CAF-derived genes involved in the modulation of the immune response and also associated with patient survival were also examined, and the results are summarized in Table S4 and Fig. S7. Among these genes, BMPR1B, a gene encoding the receptor of the bone morphogenetic protein (BMP), was negatively correlated with CD4_4 cells and associated with STS. This finding suggests that CAFs expressing high levels of BMPR1B may be more responsive to BMP signaling, which subsequently modulates the rigidity of CAFs, stiffness of the tumor microenvironment, and CD4_4 T cell trafficking. Besides BMPR1B, VSTM4, a secreted protein that can reduce IFN-γ, IL-2, and IL-17 cytokine production by human T cells and cause a profound decrease in T cell activation51, was negatively correlated with CD4_4 density but positively associated with STS, suggesting that CAF-derived VSTM4 modulates CD4_4 activity and subsequently leads to poor survival rates in patients with HGSC.
In addition to these correlations between expression of CAF-derived genes and prognostic immune cell phenotypes, expression of several genes with prognostic significance was also associated with the two CAF phenotypes CD73_1 and CD73_2. FN1, TGFBI, TNC, and LRRC32 were positively correlated with both CD73_1 and CD73_2 and negatively correlated with survival.

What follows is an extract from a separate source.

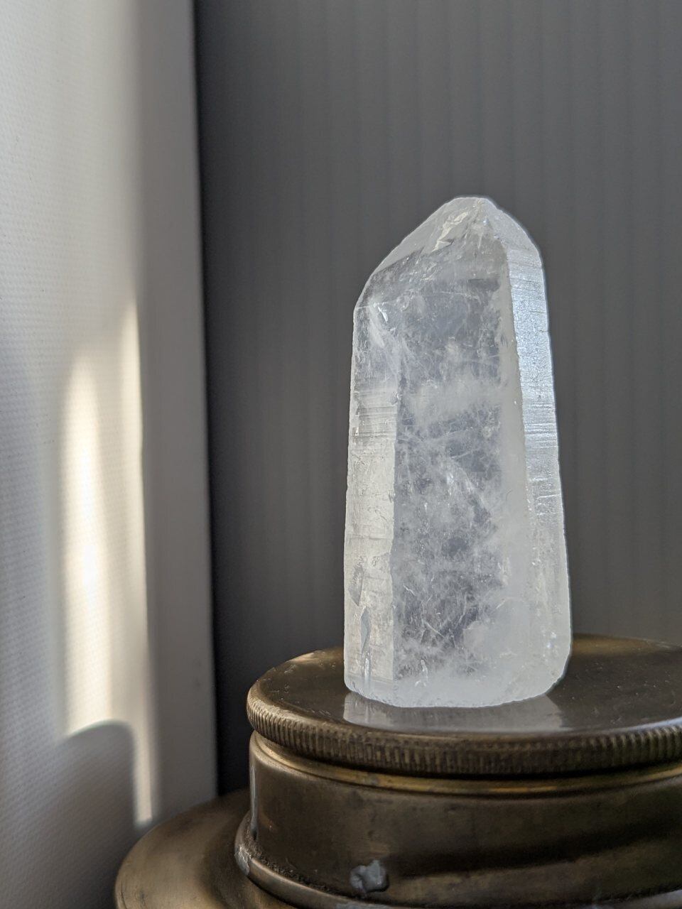 先端の面がツルツルしている1面(一部欠け)とマットな2面がありまして、柱面を持って親指をツルツル面に当てると自分の内側の魂の純粋なところと繋がります。

LRRC32 is a key regulator of TGF-β activation52. Together with increased TGFB1 secreted by CD73_1 and CD73_2 CAFs, LRRC32 may generate an immune-suppressive and pro-tumorigenic microenvironment to support the malignant phenotype of ovarian cancer cells, as we previously described53,54. Both FN1 and TNC encode extracellular proteins that have previously been shown to be associated with short progression-free survival and increased migration-inducing potential in HGSC55,56.
Several fibroblastic genes were associated with density of endothelial cells (CD31). Among them, MFGE8, which was also positively correlated with CD73_1 and CD73_2 density, demonstrated the strongest correlation with increased CD31 density and poor patient survival (Table S4 and Fig. S7). Our findings are supported by published studies reporting that MFGE8 increases tumor angiogenesis by increasing VEGF and ET-1 expression in stromal cells and by enhancing M2 polarization of macrophages32. Moreover, MFGE8 proteins accumulated around CD31+ blood vessels have been shown to promote angiogenesis by enhancing PDGF-PDGFRβ signaling mediated by integrin-growth factor receptor crosstalk33,57.
Taken together, the transcriptome analysis revealed multiple key genes in both the cancer cell and fibroblastic compartments of HGSC that correlate with IMC features positively or negatively, confer either a tumor-promoting or an immune-suppressive microenvironment, and subsequently lead to short-term survival in HGSC patients (Fig. 6C).